他撥通了電話,破天荒地沒有再提熱狗,而是叫了一聲餘田田,接着就沉默了。
她奇怪地坐在他家沙發上摸着熱狗的頭,問他:“怎麽不說話啦?”
陳爍沉默了片刻,才說:“我現在在美國。”
Advertisement
***
前三天開會,開完會後的當天夜裏,陳爍就踏進了浦東機場,坐了八個小時的飛機從上海飛去芝加哥,早晨七點抵達了目的地。
車停在了一幢紅白相間的二樓洋房前,屋前的草坪被厚厚的積雪覆蓋,屋頂也白茫茫的一片。
陳爍熟知這裏的地形,輕車熟路地繞過房子,走進了一樓後面的庭院,卻停在長廊旁的法國梧桐後面,借着茂密的樹蔭擋住了自己。
在那裏,在晨光熹微的寬敞庭院裏,有個女孩子坐在輪椅上,在醫生的指導下做康複治療。
陳爍看見她時,她正熟練地停住輪椅,用手扶住支架,一點一點費力地撐起整個身子。
她搖搖晃晃,搖搖晃晃,在醫生的攙扶下,撐着架子努力地想要邁開步子。然而只是一小步的距離,她身子猛地一晃,又重新坐回了輪椅上。

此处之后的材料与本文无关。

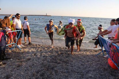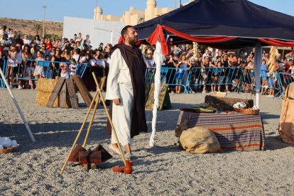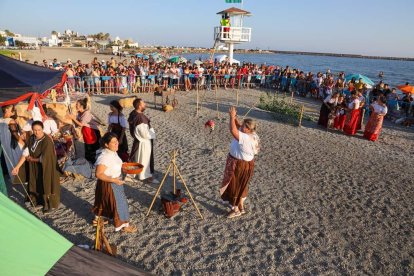 Cientos de personas acuden a la recreación del desembarco fechado en 1552 en la costa ejidense
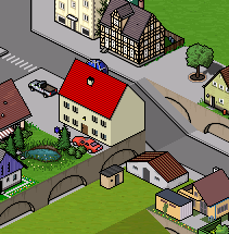 Auf dem Screenshot sieht man, wie der Ballon hinter dem Haus mit dem roten Dach fast komplett verschwindet. Beim Zusehen bekam man den Eindruck, als würde er wie ein Fahrzeug auf dem Boden umherfahren.
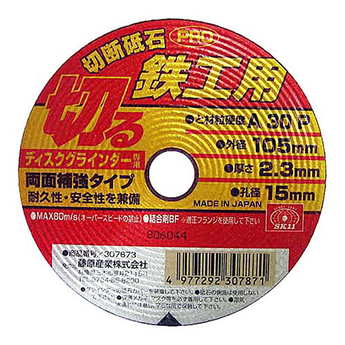 ●砥材・粒度・硬度:A30P。 ●最高使用周速度:80m/s。 ●ディスクグラインダー専用。 |
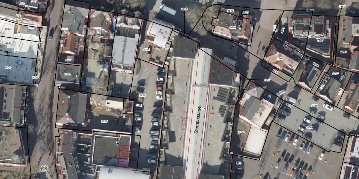 Het perceel waarop Sternpassage 33 staat heeft een oppervlakte van 3314 m². Dit is een zeer groot perceel. De perceeloppervlakte wordt geregistreerd door het Kadaster. Gedetailleerde informatie over de maten van dit perceel kunt u vinden in het rapport Kadastrale kaart met maatvoering van Sternpassage 33.
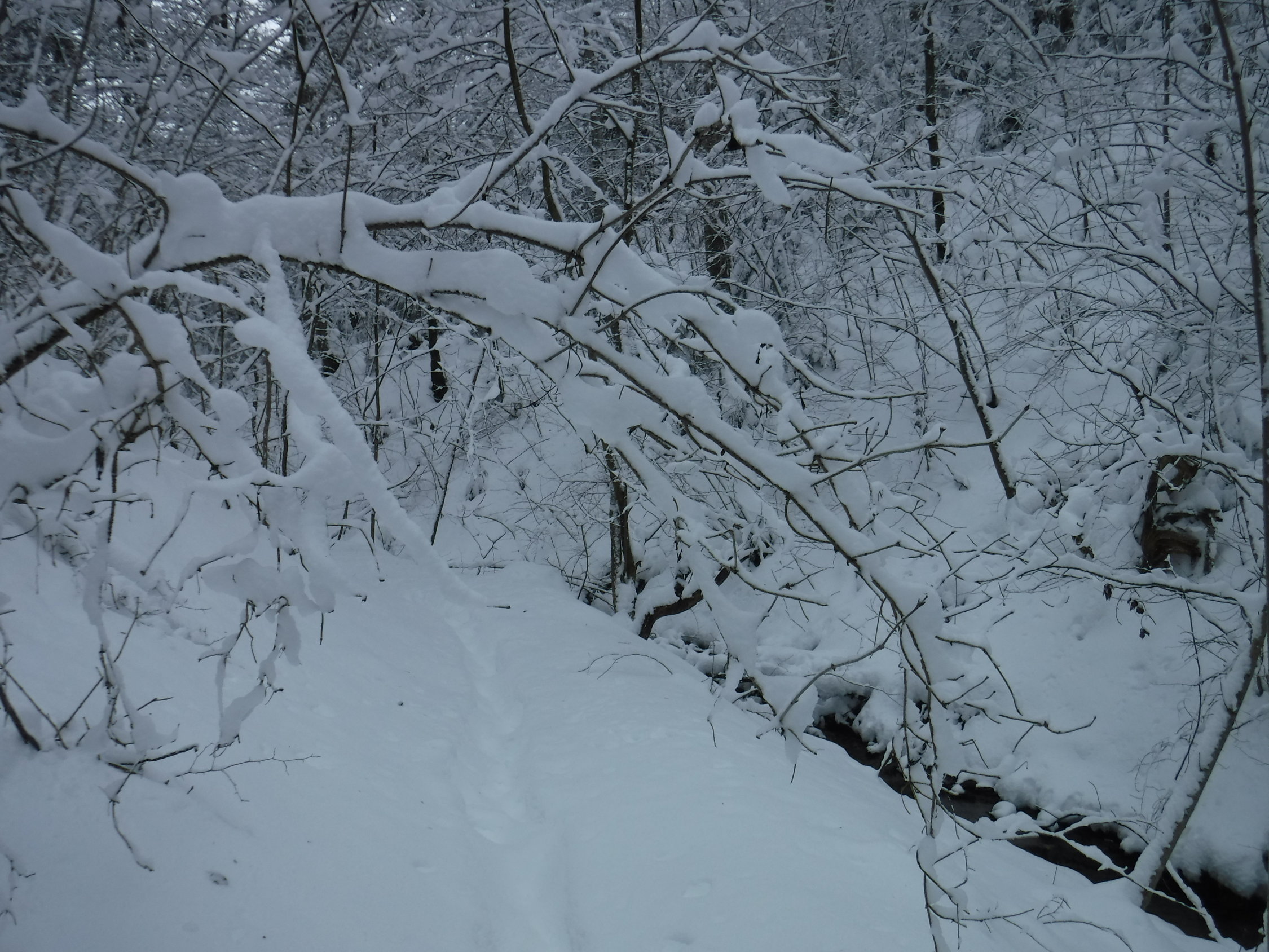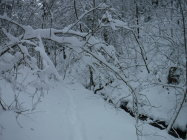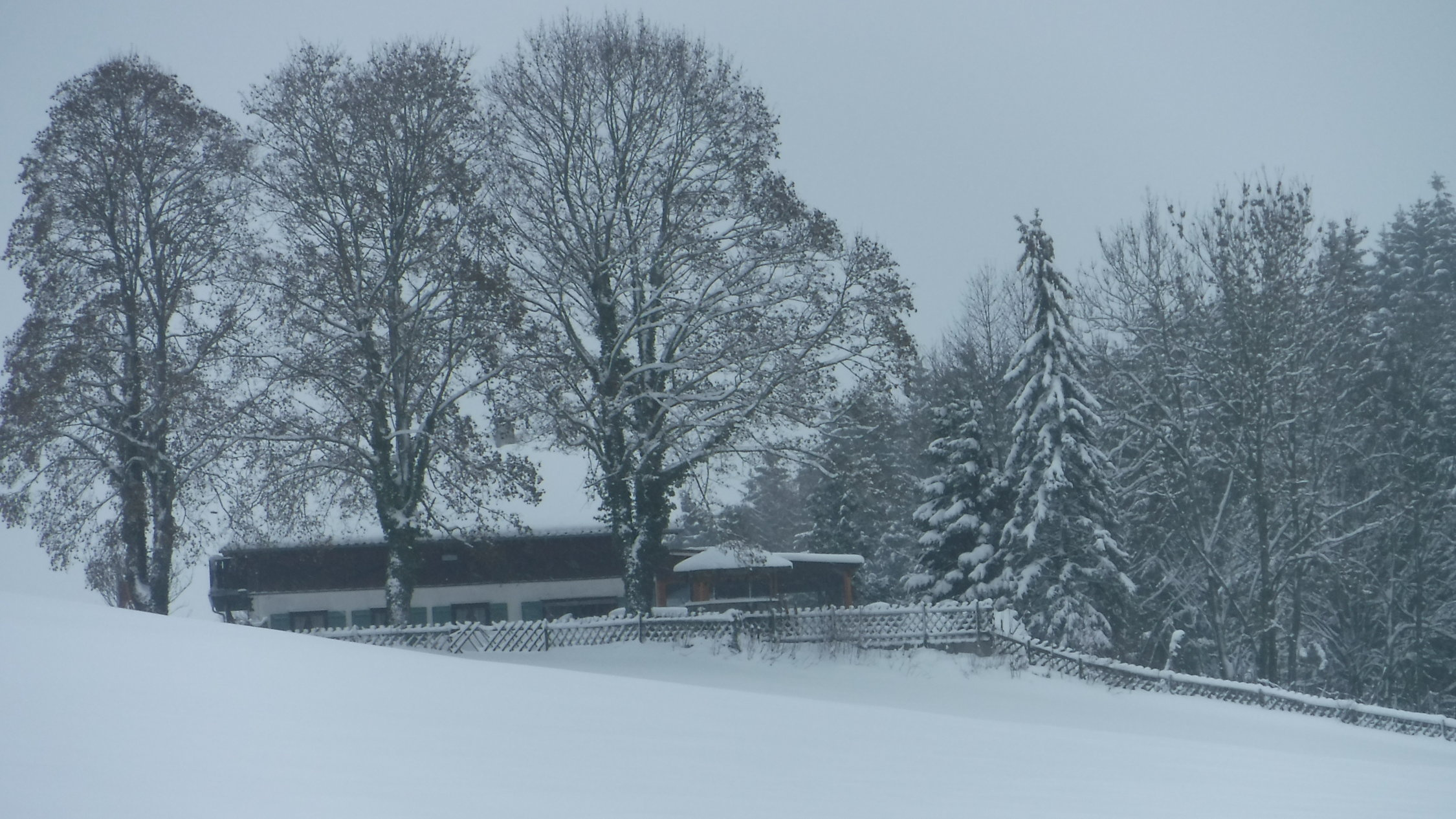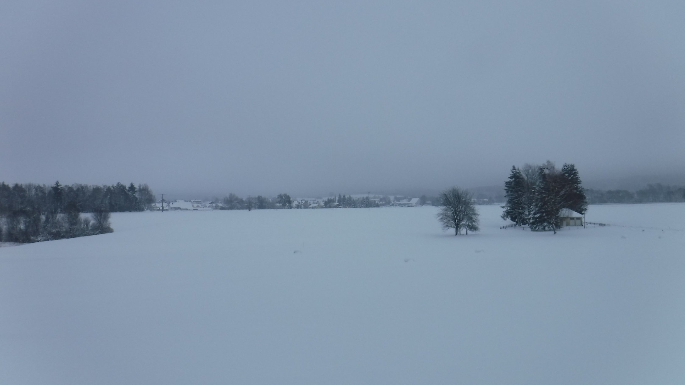 Tourenbeginn bei 1°C nach erneutem Schneefall in der Nacht. Stellenweise liegt bis zu 30 cm nasser Schnee, der aber morgens noch nicht pappig war. Schneeschuhe ab dem Hochtobelweg im Lauratal angelegt. Durch die Straßen von Oberankenreute bis Ende der Dorfstraße in Hintermoos am Rucksack dann angeschnallt. Ebenso auf dem Rückweg ab Fuchsenloch. Im Altdorfer Wald waren noch keine Schneebrüche sichtbar, sieht man mal von 3 sehr kleinen Fichten ab, die über dem Forstweg lagen.
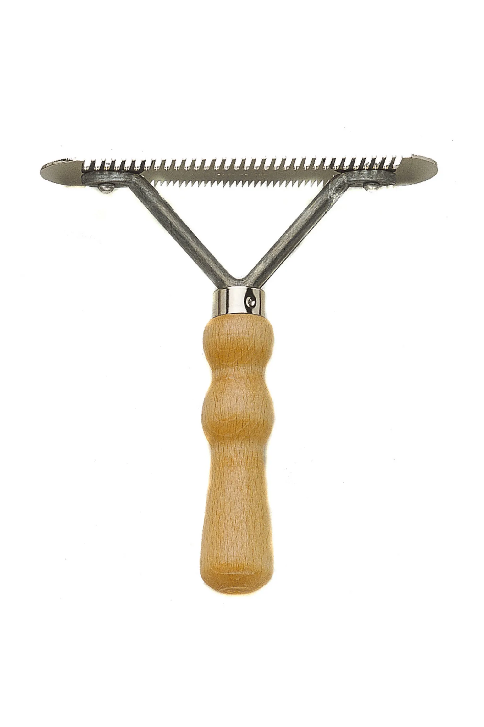 Forniklet stålblad med doble tenner. Polert trehåndtak.
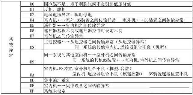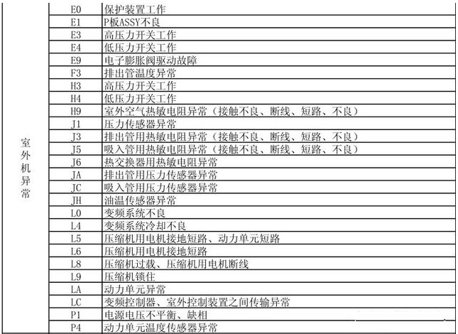 中央空调常见的故障代码
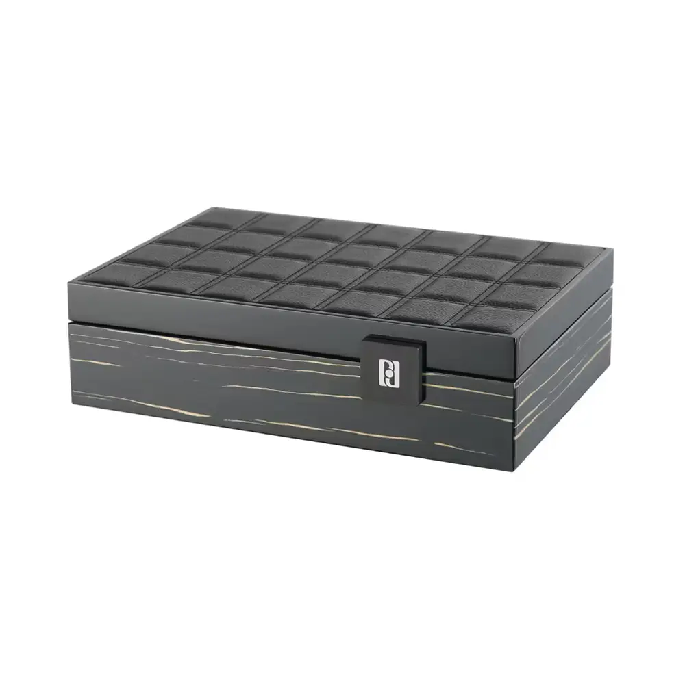 这款 Paul Design Collector 10 手表盒是用于安全且优雅地存放多达 十枚手表 的理想之选。由优质木材制成,提供多种精致外观选择,如 Black Shadow、Black Apricot 和 Macassar,其五层高光漆面展现出非凡工艺与耐用美感。内部采用柔软的黑色天鹅绒衬里,保护手表免受刮擦,并配有镀铬铰链和可上锁的盖子。
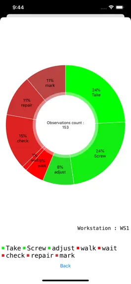 The sampling analysis is a statistical method that quantify the different activities of an operator. When activities are labeled as "added value" or "non added value", it gives you the red/green scheme.
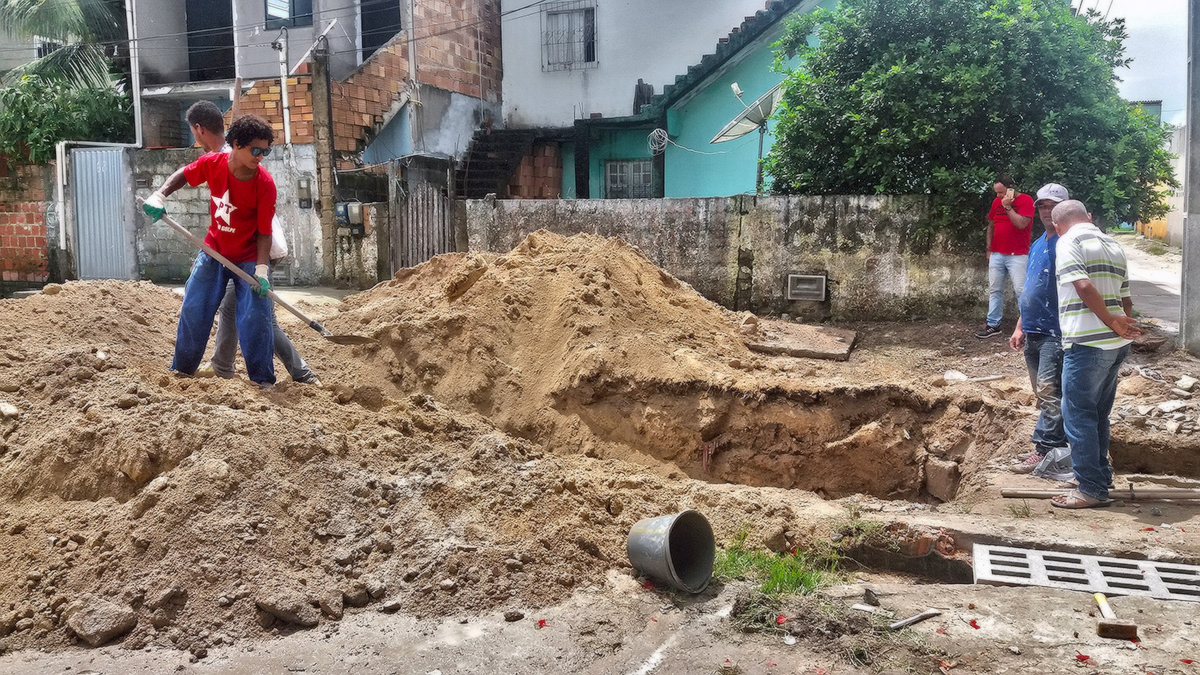 Bairro: Os arredores da Escola Chico Mendes, no bairro Mirante, receberam obras de intervenção para evitar alagamentos nos períodos de chuva forte. Na rua em frente ao colégio, foi feita a desobstrução e limpeza de toda rede pluvial, além do aumento da capacidade de captação de água.

芝加哥的冬天很冷,地上的積雪被掃在了兩旁,可她一次一次地嘗試着,額頭上的汗珠亮晶晶的。
太陽把汗珠變成了透明璀璨的鑽石,刺痛了陳爍的眼睛。
她每跌回輪椅一次,陳爍的臉色就陰沉幾分。
雙手緊握成拳,随着她每一個動作越來越緊,越來越緊。
女孩子失敗好幾次之後,她面前的高個子男人對她說:“不要急,急是沒有用的,你要更穩才行。”
她坐在輪椅上慢慢地低下了頭,半晌才輕聲說了一句:“我不急。”
她當然知道急是沒有用的。
“我這輩子大概也就只能這樣了,我倒是沒什麽好急的,我只是怕……”半晌,她才用輕到難以辨認的聲音說出了下半句話。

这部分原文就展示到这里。